4、\(\dfrac{5463}{967}\) 提示 \(x\otimes 3=9\).
5、\(\dfrac{\sqrt 5-1}{2}\) 提示 \(\dfrac{\sqrt 5-1}2\)是方程\(x^2+x-1=0\)的根,于是\(x^3+x^2-x=0\).

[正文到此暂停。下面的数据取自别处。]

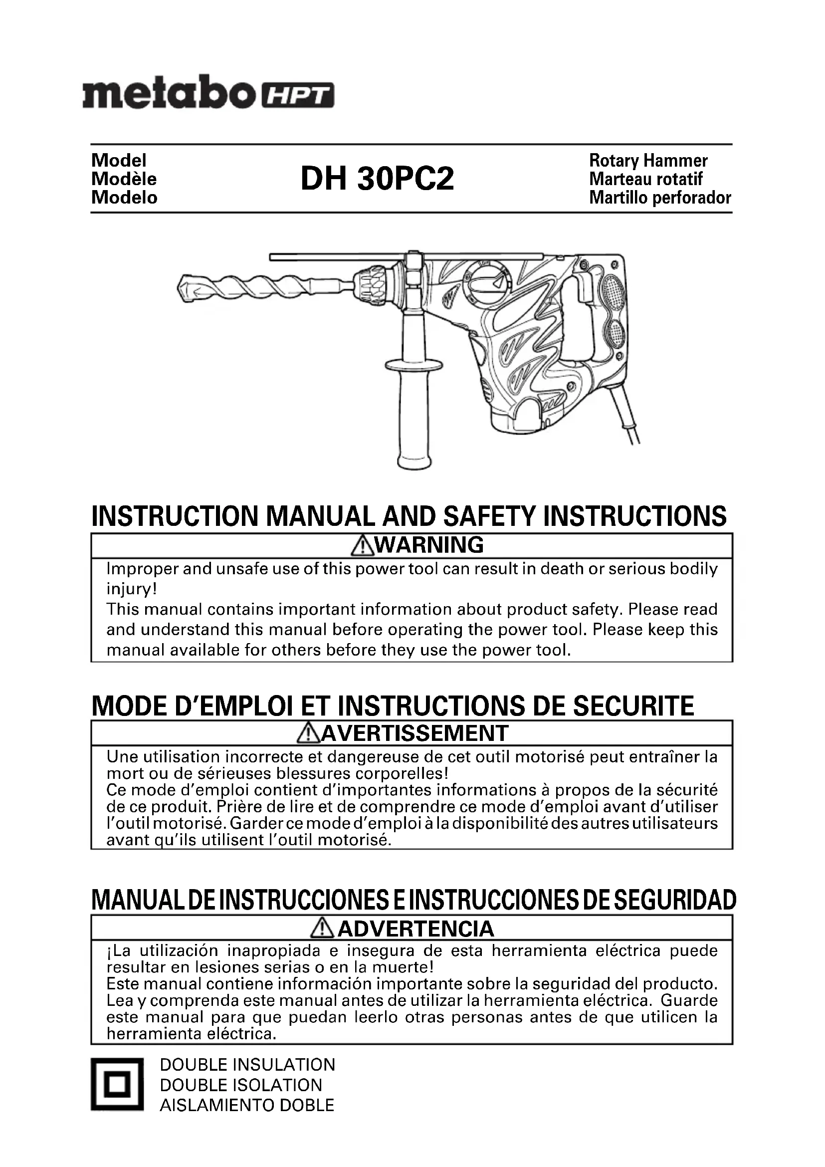 DH 30PC2 DOUBLE INSULATION DOUBLE ISOLATION AISLAMIENTO DOBLE MODE D’EMPLOI ET INSTRUCTIONS DE SECURITE AVERTISSEMENT Une utilisation incorrecte et dangereuse de cet outil motorisé peut entraîner la mort ou de sérieuses blessures corporelles! Ce mode d’emploi contient d’importantes informations à propos de la sécurité de ce produit. Prière de lire et de comprendre ce mode d’emploi avant d’utiliser l’outil motorisé. Garder ce mode d’emploi à la disponibilité des autres utilisateurs avant qu’ils utilisent l’outil motorisé.

6、\(18\) 提示 \(\sqrt{n+1}-\sqrt{n}<\dfrac{1}{2\sqrt n}<\sqrt n-\sqrt{n-1}\).
7、\(3\) 提示 利用立方差公式.
8、\(7\) 提示 \(f(x)=\sqrt[3]{x+1}-\sqrt[3]{x}\).
9、\(4\) 提示 利用平方差公式.
10、\(0\) 提示 原式即\[\left(\dfrac{x}{y+z}+\dfrac{y}{z+x}+\dfrac{z}{x+y}\right)(x+y+z)-\cdots,\]而多出来的部分恰好为\(x+y+z\).
11、\(5\) 提示 三式相乘可整理得\[abc=\sum_{cyc}{a\left(\dfrac{by}z+\dfrac{cz}y\right)^2}-4abc.\]
12、\(1\) 提示 消元即可.
13、\(1\) 提示 \(a-b=\dfrac{c-b}{bc}\),轮换相乘即得.